So, what went wrong?
The attributes that are available in a RiskScape model depend on what input data the model uses.
In this case, it appears that our original area-layer has a Region
attribute,
but our new area-layer does not.
Let’s confirm this by taking a closer look at our new area-layer. Enter the following command:
riskscape bookmark info "data/ws_districts.shp"
You can see from the output that the file does not contain a Region
attribute,
although it does have a District
attribute instead, i.e.
Location : file:///C:/RiskScape_Projects/project-tutorial/data/data/ws_districts.shp
Attributes :
the_geom[MultiPolygon[crs=EPSG:4326]]
fid[Integer]
District[Text]
...
Tip
In many cases, bookmarks and file paths can be used interchangeably in RiskScape.
For example, here we passed a file path directly to the riskscape bookmark info
command.
This means you can use file paths as model parameters without necessarily creating bookmarks.
Consistent input data
In order to reuse the same model with different input files,
some attributes in the input data (in this case, the Region
attribute) will need to be consistent across the files.
The naive approach would be to manually rename the attribute in the input data, and re-save the shapefile. However, this can be cumbersome and error-prone if you need to do it often.
RiskScape bookmarks can solve the problem for us.
Let’s create a new bookmark for this second area-layer shapefile.
Add the following to your project.ini
file and save it.
[bookmark Samoa_districts]
location = data/ws_districts.shp
set-attribute.Region = District
The last line is setting a new attribute called Region
, which will hold whatever value is in the District
attribute.
Enter the following command to see what the bookmark data looks like now:
riskscape bookmark info Samoa_districts
You should see that there is now a new Region
attribute in the output.
The original District
attribute is still also present.
"Samoa_districts"
Description :
Location : file:///C:/RiskScape_Projects/project-tutorial/data/data/ws_districts.shp
Attributes :
the_geom[MultiPolygon[crs=EPSG:4326]]
fid[Integer]
District[Text]
Region[Text]
...
Now enter the following command to use our new bookmark in the model.
riskscape model run exposure-by-region -p "input-areas.layer=Samoa_districts"
This time the model runs successfully because all the attributes it needs are present in the input data.
Note
In this case we simply copied an existing attribute in the input data,
but you can manipulate the data in more complicated ways.

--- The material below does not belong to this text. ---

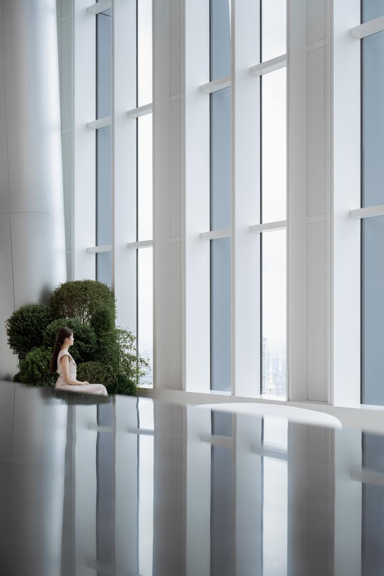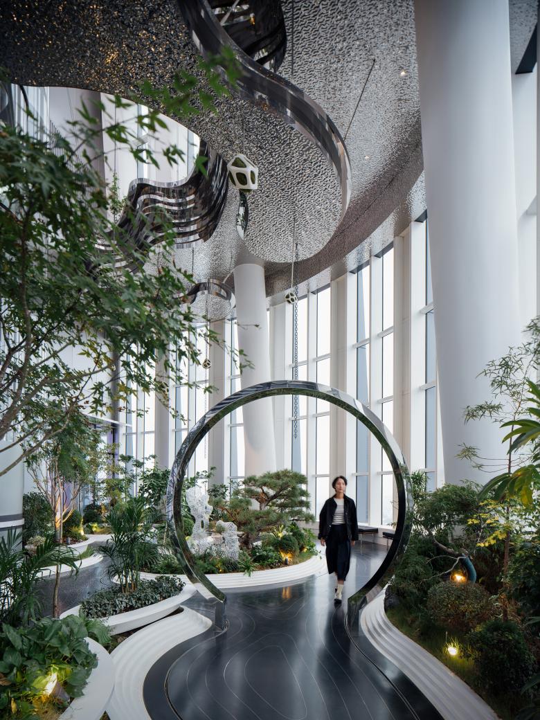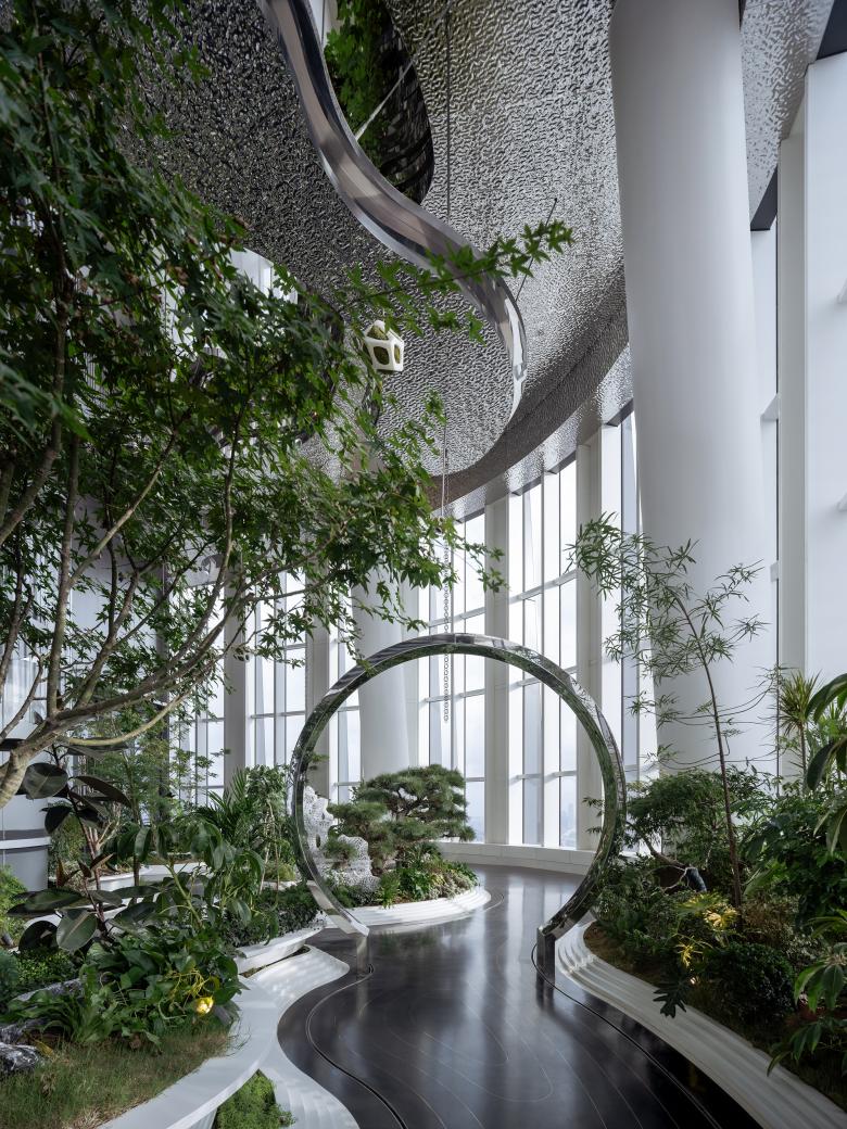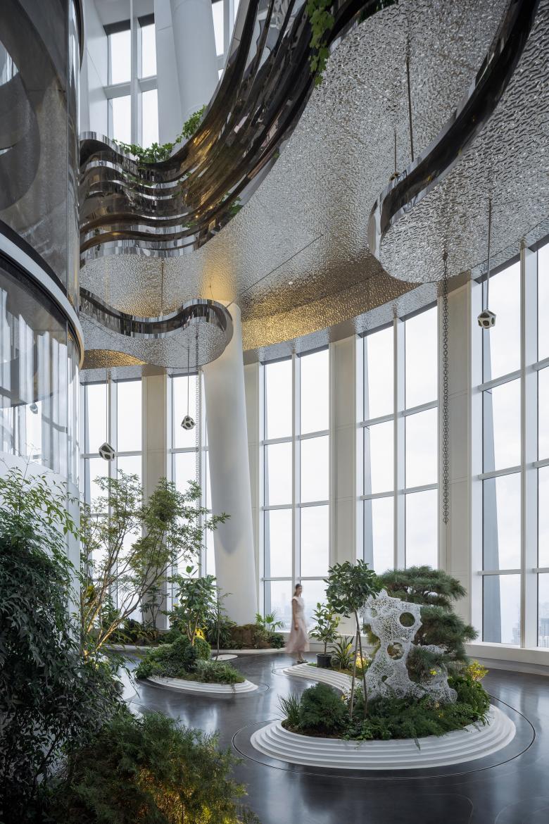 On the 55th floor, a 120-sqm outdoor space, 25 meters high. Inspired by the idea of duality, we paired the “iceberg” with a “green heart”—a green garden. Duality also put me off recreating a classical Chinese garden like the one we planned for Shanghai Center. Instead, we deconstructed one, drawing inspiration from Yu Garden, and reassembled it as a suspended garden in a vertical way. Across the 25-meter height, the architects and landscape designers customized rippled stainless steel of different heights to wrap the floating island garden. The journey from the 55th floor to the 57th floor by the sightseeing elevator is traversing a vertical garden. Each layer of the floating garden casts a shadow on the 120 sqm floor of the 55th floor, which simulate water with black terrazzo and metal ripples. The floating garden creates more than 100% green coverage. A stainless steel moon gate and 3D-printed Taihu rocks, paying attribute to the Yu Linglong in Yu Garden, visually pair the historical and the contemporary in this reconstructed Chinese garden.

For example, you could convert imperial units into the metric system using:
set-attribute.metres = feet / 3.281
Filtering
Let’s just take a quick look at the event-impact.csv
results file that the last riskscape model run
command produced.
Use more "output/MODEL/TIMESTAMP/event-impact.csv"

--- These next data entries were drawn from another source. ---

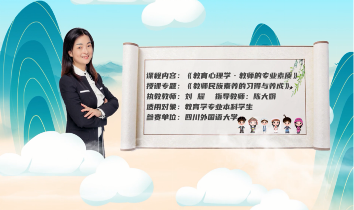 为全面贯彻中央民族工作会议精神,认真落实《教育部等四部门关于印发深化新时代学校民族团结进步教育指导纲要的通知》(教民〔2021〕1号)要求,重庆市教育委员会于近日举办了民族团结进步教育优质课展示活动,我校教师刘耀(执教教师)和陈大娟(指导教师)荣获高校组一等奖。刘耀和陈大娟的参赛作品是为时四十分钟的《教师民族素养的习得与养成》,通过对教师民族素养概念的提出和论证,助力教师专业素质的提升,促进准教师国家认同感、民族自豪感和历史使命感的形成。
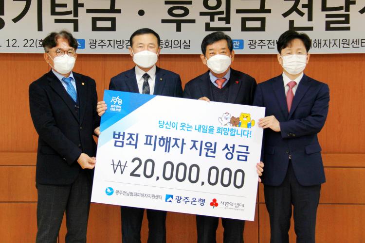 À̹ø ¼º±Ý Àü´Þ½Ä¿¡´Â °íº´ÀÏ ±¤ÁÖÀºÇà ºÎÇàÀå°ú ¿©È¯¼· ±¤ÁÖÁö¹æ°ËÂûû °Ë»çÀå, ÀÌÀº¿ ±¤ÁÖÀü³²¹üÁËÇÇÇØÀÚÁö¿ø¼¾ÅÍ ÀÌ»çÀå, ÇÑ»ó¿ø ±¤ÁÖ»çȸº¹Áö°øµ¿¸ð±ÝȸÀå ¹× °ü°èÀÚ µîÀÌ Âü¼®ÇßÀ¸¸ç, Àü´ÞµÈ ¼º±ÝÀº ±¤ÁÖ»çȸº¹Áö°øµ¿¸ð±Ýȸ¸¦ ÅëÇØ ±¤ÁÖ¡¤Àü³² Áö¿ªÀÇ ¹üÁË ÇÇÇØÀÚ¸¦ À§ÇÑ ÈÄ¿ø±ÝÀ¸·Î »ç¿ëµÉ ¿¹Á¤ÀÌ´Ù.
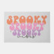 This design showcases the phrase "Spooky Spooky Spooky Vibes" arranged in a cascading, stacked format. The word "Spooky" is repeated three times, each in a different colour—starting with a vibrant orange, transitioning to a soft pink, and ending with a pastel purple. The letters are thick and rounded, giving a playful and bubbly appearance that contrasts with the spooky theme. The word "vibes" is written below in a delicate, black cursive font, adding a stylish touch to the overall design. Small star accents surround the text, enhancing the whimsical and festive mood. This design is perfect for a fun and light-hearted take on Halloween.
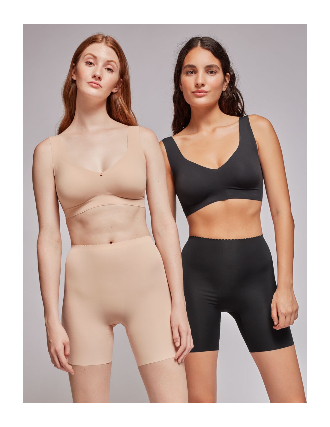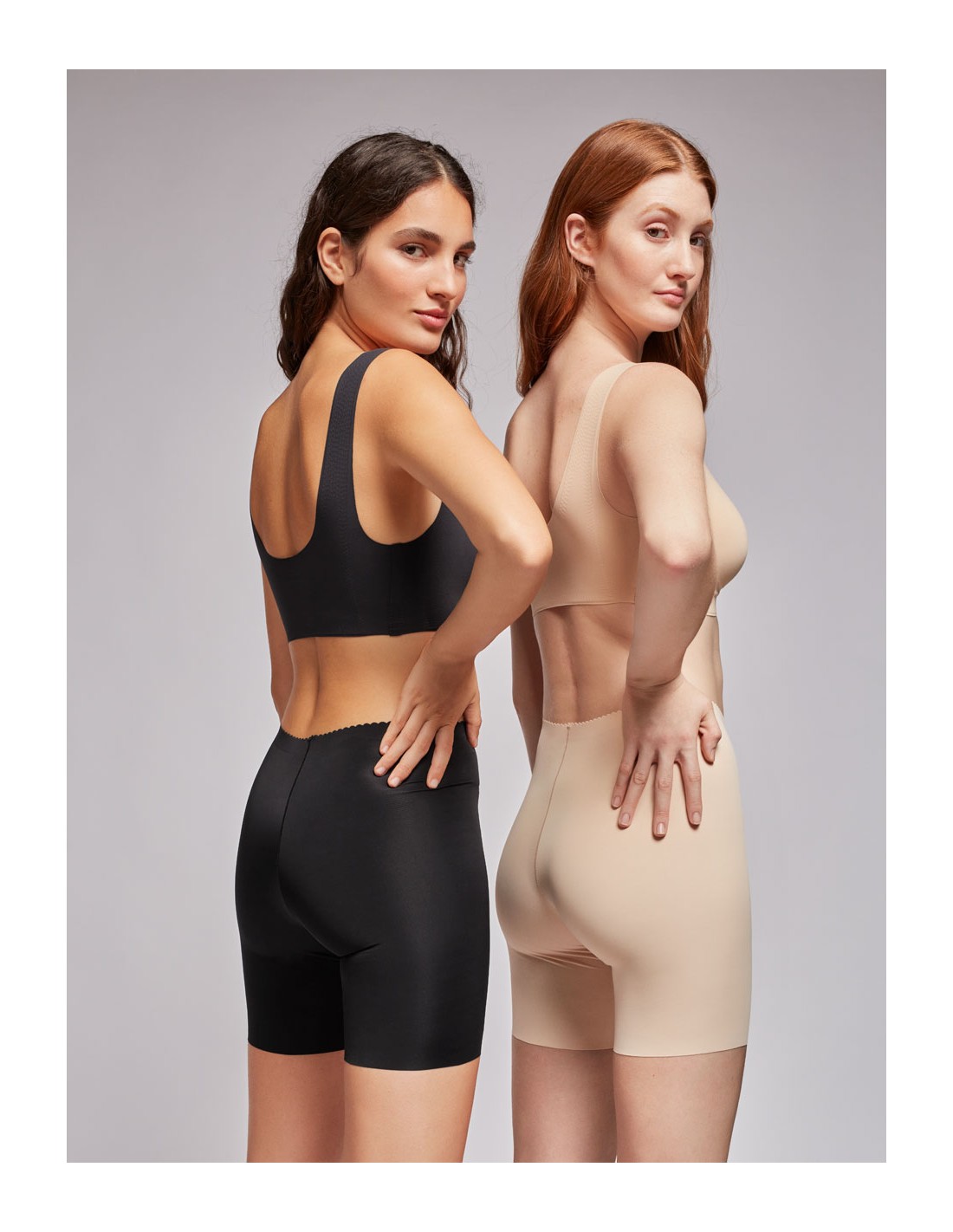 Pantalón moldeador invisible en tejido de microfibra con cintura termofusionada y corte láser para evitar marcas bajo la ropa.

to look at the results, e.g.
more "output/exposure-by-region/2022-01-13T17_38_25/event-impact.csv"
Region,Exposed_buildings
Aleipata Itupa i Lalo,507
Aleipata Itupa i Luga,339
Falealili,749
Lepa,283
Lotofaga,146
Marine Area,35
If you look carefully, you will notice there is a ‘Marine Area’ region now present in the results. Our model now thinks some buildings are located in the sea, which is not ideal.
Often area-layer shapefiles will contain polygons that denote bodies of water, however, we generally want to ignore these areas in our model.
Bookmarks also let us filter the input data so that only certain rows of data are included in the model. We can specify a true/false condition, and only input data that satisfies that condition will be used in the model.
In your project.ini
file, add the following line to your Samoa_districts
bookmark, and save the file.
filter = Region != 'Marine Area'
Your bookmark should now look like this:
[bookmark Samoa_districts]
location = data/ws_districts.shp
set-attribute.Region = District
filter = Region != 'Marine Area'
Note
We are using a !=
condition here, because we want to exclude a specific row of data,
i.e. include everything except the ‘Marine Area’ row of data.
Now try using the updated area-layer bookmark in your model by running the following command:
riskscape model run exposure-by-region -p "input-areas.layer=Samoa_districts"
Take a look at the event-impact.csv
file that the model produces. It should look like this:
more "output/exposure-by-region/2022-01-13T18_05_00/event-impact.csv"
Region,Exposed_buildings
,19
Aleipata Itupa i Lalo,518
Aleipata Itupa i Luga,341
Falealili,749
Lepa,286
Lotofaga,146
The ‘Marine Area’ is no longer present in the results, although we do have 19 buildings that were not matched to any region now.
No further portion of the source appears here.